▶ [Work instruction]:
Where the listing shows an image, skip it and output all other material unchanged.

▶ [Information provided]:
# # #
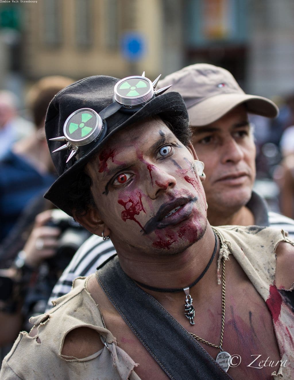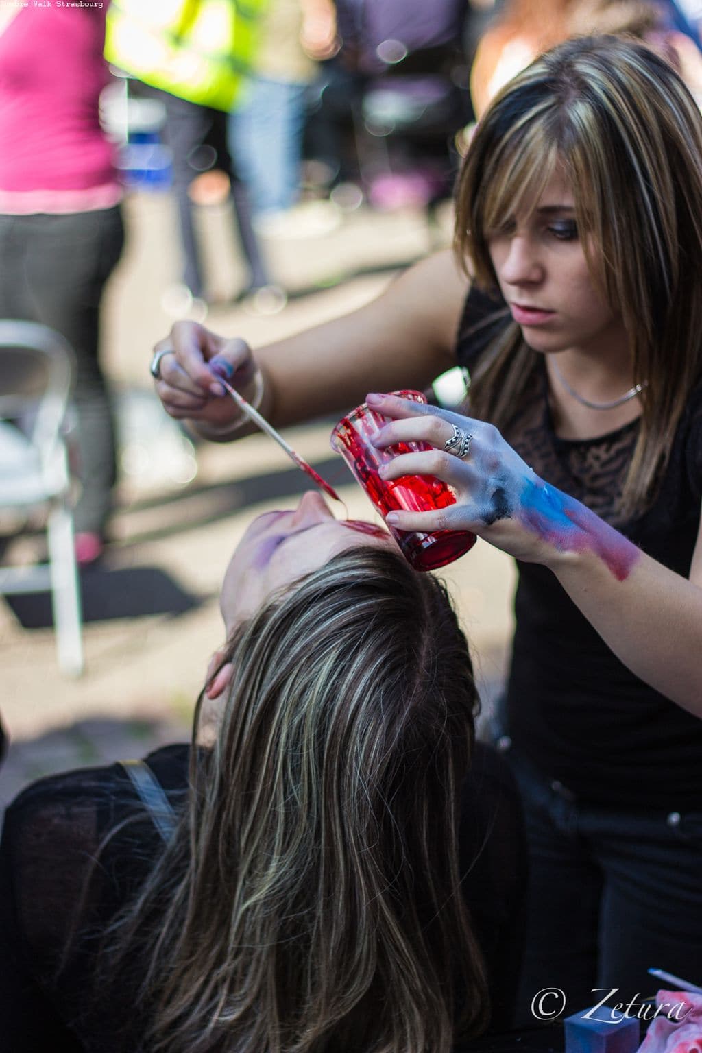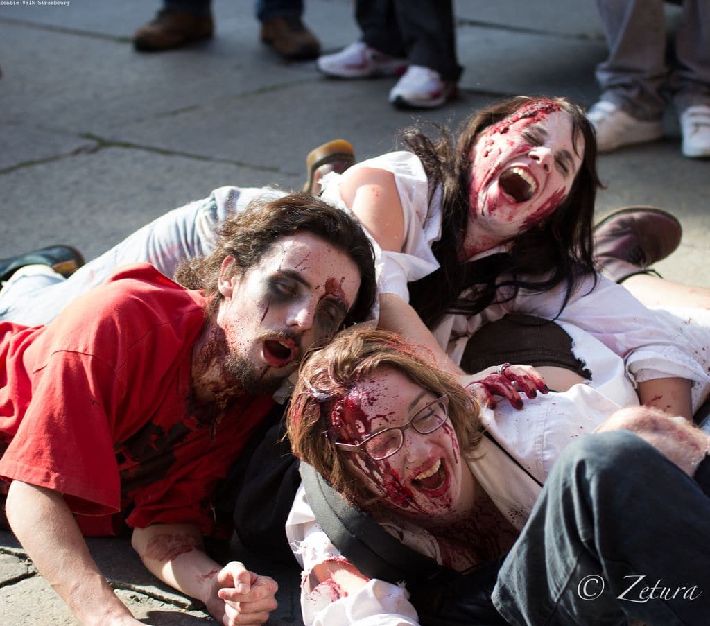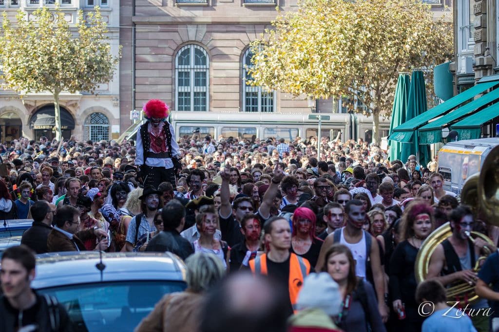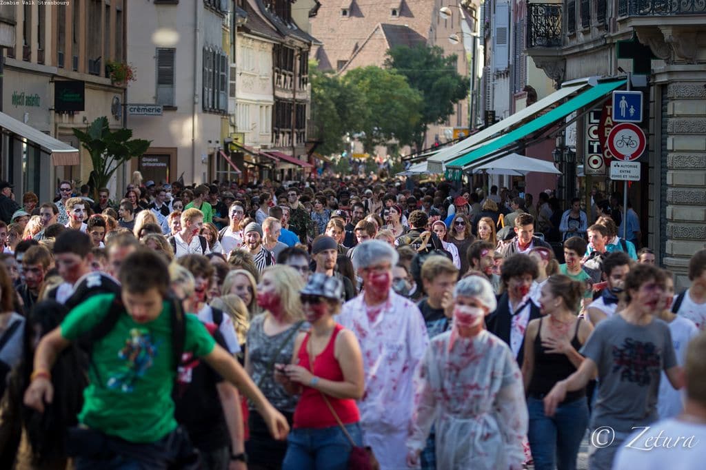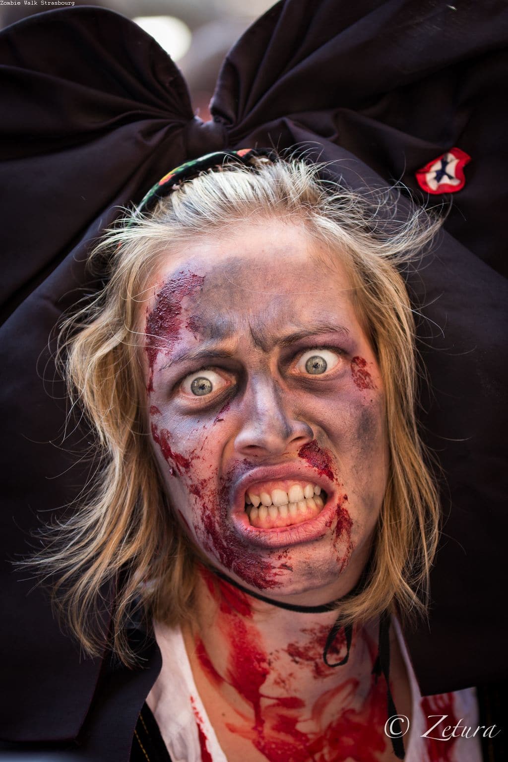 Plus de 3 500 personnes ont participé à la Zombie Walk (marche des zombies) ce samedi après-midi, un record pour cet évènement qui lance le Festival européen du film fantastique. Certains maquillage étaient particulièrement réussi, il faut préciser que pour cette année, les organisateurs s’étaient adjoints les services de spécialistes, qui ont commencé à zombifier les Strasbourgeois deux heures avant le défilé.
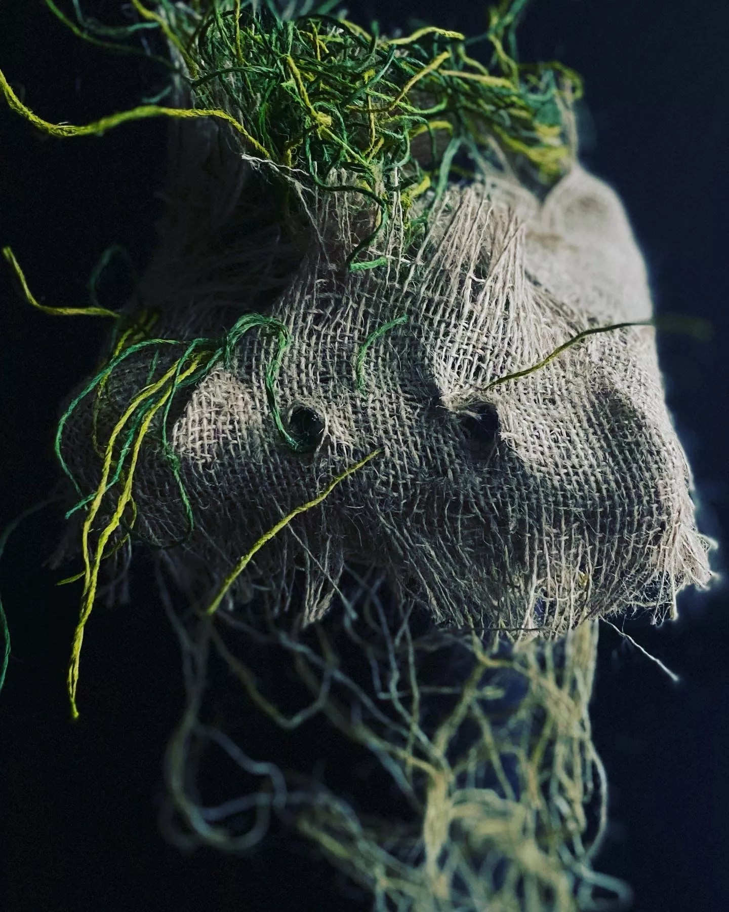 Megan Morgan, “Germinate,” burlap sculpture with acrylic.
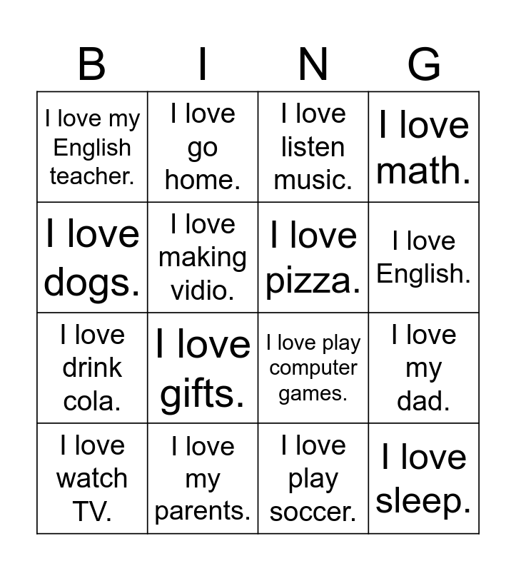 This bingo card has 20 words: I love my dad., I love my mom., I love listen music., I love my class., I love watch TV., I love dogs., I love my parents., I love my English teacher., I love drink cola., I love go home., I love gifts., I love play computer games., I love making vidio., I love sleep., I love pizza., I love Bred., I love English., I love math., I love play soccer. and I love riding a bike..
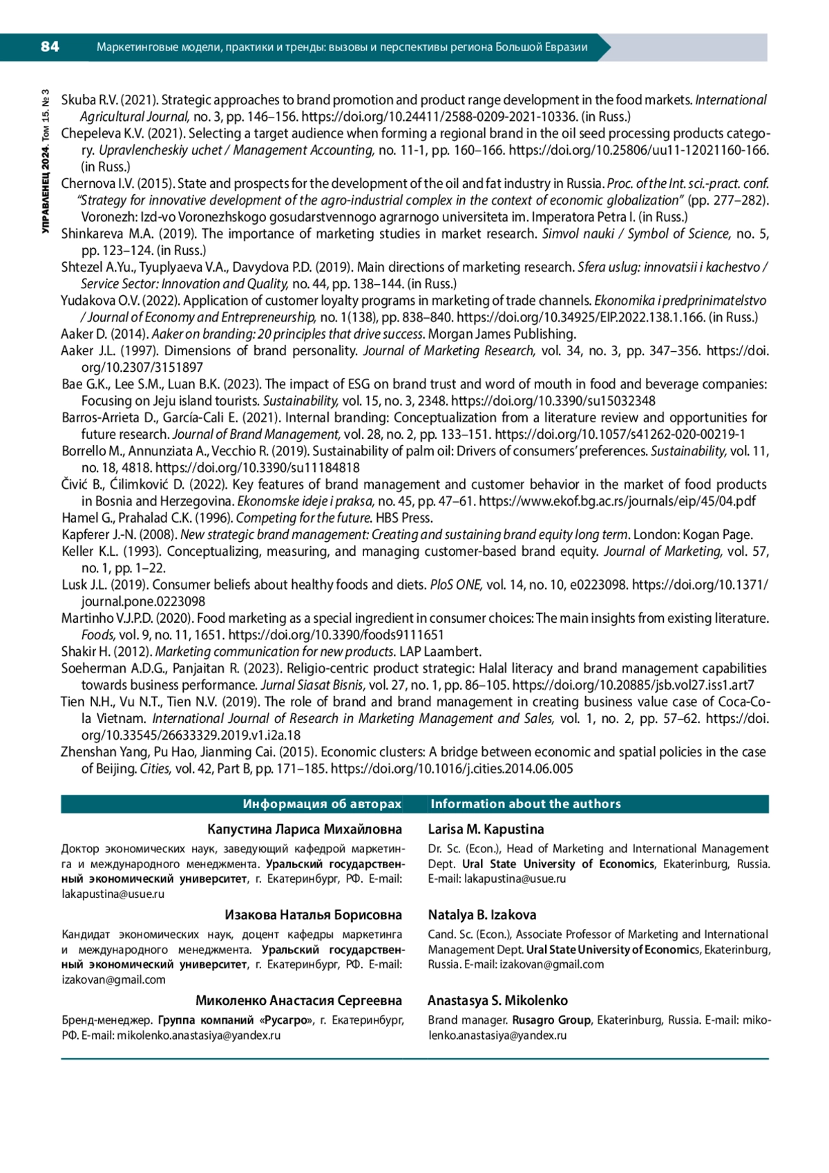 6. Капустина Л.М., Миколенко А.С., Сысоева Т.Л. (2022). Бренд-менеджмент на рынке продовольственных товаров // Вестник Академии знаний. № 53 (6). С. 421-424. EDN: NRPDRG
# # #
▶ [Response]:
 Plus de 3 500 personnes ont participé à la Zombie Walk (marche des zombies) ce samedi après-midi, un record pour cet évènement qui lance le Festival européen du film fantastique. Certains maquillage étaient particulièrement réussi, il faut préciser que pour cette année, les organisateurs s’étaient adjoints les services de spécialistes, qui ont commencé à zombifier les Strasbourgeois deux heures avant le défilé.
 Megan Morgan, “Germinate,” burlap sculpture with acrylic.
 This bingo card has 20 words: I love my dad., I love my mom., I love listen music., I love my class., I love watch TV., I love dogs., I love my parents., I love my English teacher., I love drink cola., I love go home., I love gifts., I love play computer games., I love making vidio., I love sleep., I love pizza., I love Bred., I love English., I love math., I love play soccer. and I love riding a bike..
 6. Капустина Л.М., Миколенко А.С., Сысоева Т.Л. (2022). Бренд-менеджмент на рынке продовольственных товаров // Вестник Академии знаний. № 53 (6). С. 421-424. EDN: NRPDRG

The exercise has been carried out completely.